# Use Exotic Wood Scraps



## routergieck (Feb 11, 2013)

Here is a project made from small exotic wood scraps. There is no staining involved- the woods include Pauduak(red), Holly(white). Wenge(dark tail) Ebony(eyes-feet),Birdseye Maple(stems, body), Roasted Birdseye Maple(leaves). Bloodwood (neck). Yellowheart(flower),Thuya (dark head),Bubinga(light head),Sapele(upper wing area), Holly Heartwood(lower wing area), and Brazilian Ipe(lower stem blades). The sequence of hummingbird pictures shows the use of the initial picture from the web to modifications and outlining major color areas to the final wood re-creation.The other pictures are the ones used to make the flowers and leaves with the last picture roughing out the location of the stems. I usually print a picture of a subject from the web or from one that I have taken,. outline the cut areas with felt marker, take a picture of it with the iphone and tranfer it back to the computer to size it and run off several copies. I can then cut out each different color area to glue on the wood color selected for that part with particular attention to wood grain , direction of grain and texture. From that point on it is a lot of finicky fitting and sanding the individual parts that have been cut from the scroll saw and band saw. I usually glue the pieces together at the edges and then mount the entire picture on 1/4 inch birch plywood for strength and finish with spray on satin varathane.


----------



## AndyL (Jun 3, 2011)

That's beautiful work, thanks for taking us through the process.


----------



## Stick486 (Jan 4, 2013)

Whew... beautiful...


----------



## old55 (Aug 11, 2013)

Very nice.


----------



## xplorx4 (Dec 1, 2008)

Now that sir is artful craftsmanship, the type I should like to one day do.


----------



## Semipro (Mar 22, 2013)

Very nice Dennis. Beautiful work


----------



## Cherryville Chuck (Sep 28, 2010)

All I can say is Wow!


----------



## TwoSkies57 (Feb 23, 2009)

I really need to let the wife see this!!! 

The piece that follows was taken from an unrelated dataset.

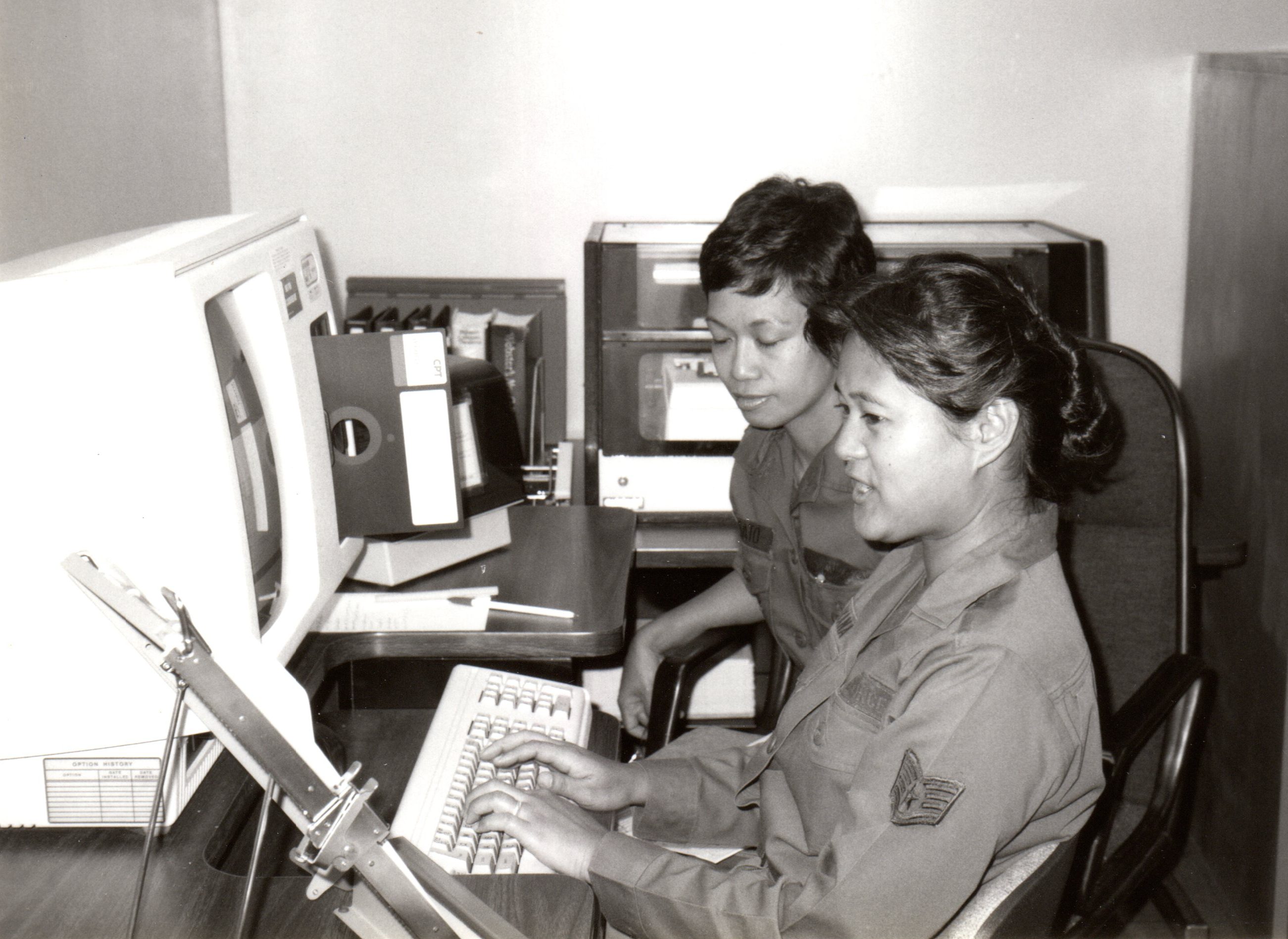 This 1986 photograph has Katherine Asato and Roberta Akana working on their CPT machine. Both Kathy and Robbie retired after long fulltime careers.

I'm positive I could weasel a few tools out of the deal


----------



## Multiwood (Feb 24, 2013)

WOW Dennis that is really nice.


----------



## difalkner (Jan 3, 2012)

Very nice work, indeed!


----------



## chessnut2 (Sep 15, 2011)

Dennis.............unbelievably nice! Great work.
Bill............I've learned to not do that.


----------



## GregLittleWoodworks (Dec 9, 2014)

Awesome is putting it mildly...*Awesomalistic....*


----------



## Roy Drake (Feb 10, 2014)

I not only DON'T have the ability, I don't have the patience. Astounding work!


----------



## Gaffboat (Mar 11, 2012)

Beautifully done, Dennis. Thanks for walking us through the process of creating a pattern from a photo.


----------



## Herb Stoops (Aug 28, 2012)

Gaffboat said:


> Beautifully done, Dennis. Thanks for walking us through the process of creating a pattern from a photo.

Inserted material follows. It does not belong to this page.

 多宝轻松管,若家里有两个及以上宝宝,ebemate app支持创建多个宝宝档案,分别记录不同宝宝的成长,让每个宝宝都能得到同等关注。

I second what Oliver said. Great Stuff,Thanks for showing us.

Herb


----------



## vzbingo (Mar 1, 2012)

This was obviously a class designed to develop a steady hand, eye-hand coordination and lots and lots of patience. Very nice work!


----------



## FreeTime (Dec 2, 2012)

Wow really doesn't describe it well enough! Not sure there would be any place in my residence nice enough to display it.


----------



## neville9999 (Jul 22, 2010)

Very Neat. N


----------